Commit Graph

83 Commits

Author SHA1 Message Date
Trenton H
aea2927a02 Feature: Convert Tika parser to the plugin system (#12333)
* Chore: move Tika parser and tests to paperless/

Move TikaDocumentParser and its tests to the canonical parser package
location, matching the pattern established for TextDocumentParser:

- src/paperless_tika/parsers.py → src/paperless/parsers/tika.py
- src/paperless_tika/tests/test_tika_parser.py → src/paperless/tests/parsers/test_tika_parser.py
- src/paperless_tika/tests/samples/ → src/paperless/tests/samples/tika/

Merge tika fixtures (tika_parser, sample_odt_file, sample_docx_file,
sample_doc_file, sample_broken_odt) into the shared parsers conftest.
Remove the now-empty src/paperless_tika/tests/conftest.py.

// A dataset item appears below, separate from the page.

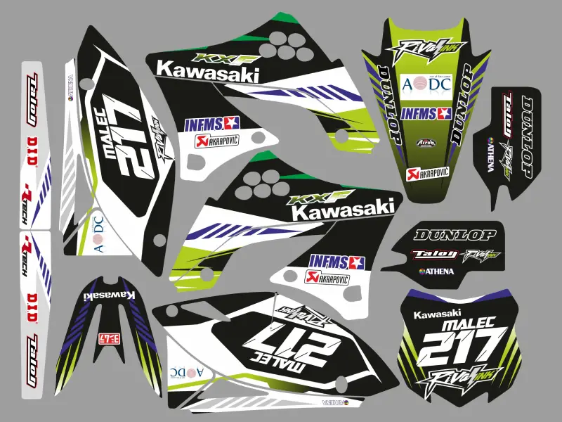 Avec le Kit déco Kawasaki 250 KXF (2009-2012) – Racing, votre moto devient unique et vous aussi. Alors qu’attendez-vous pour donner du style à votre moto ? 🏍️

Content is unchanged — this commit is rename-only so git history is
preserved on the moved files.

Co-Authored-By: Claude Sonnet 4.6 <noreply@anthropic.com>

* Feature: Phase 3 — migrate TikaDocumentParser to ParserProtocol

Refactor TikaDocumentParser to satisfy ParserProtocol without subclassing
the legacy DocumentParser ABC:

- Add ClassVars: name, version, author, url
- Add supported_mime_types() classmethod (12 Office/ODF/RTF MIME types)
- Add score() classmethod — returns None when TIKA_ENABLED is False, 10 otherwise
- can_produce_archive = False (PDF is for display, not an OCR archive)
- requires_pdf_rendition = True (Office formats need PDF for browser display)
- __enter__/__exit__ via ExitStack: TikaClient opened once per parser
  lifetime and shared across parse() and extract_metadata() calls
- extract_metadata() falls back to a short-lived TikaClient when called
  outside a context manager (legacy view-layer metadata path)
- _convert_to_pdf() uses OutputTypeConfig() to honour the database-stored
  ApplicationConfiguration before falling back to the env-var setting
- Rename convert_to_pdf → _convert_to_pdf (private helper)

Update paperless_tika/signals.py shim to import from the new module path
and drop the legacy logging_group/progress_callback kwargs.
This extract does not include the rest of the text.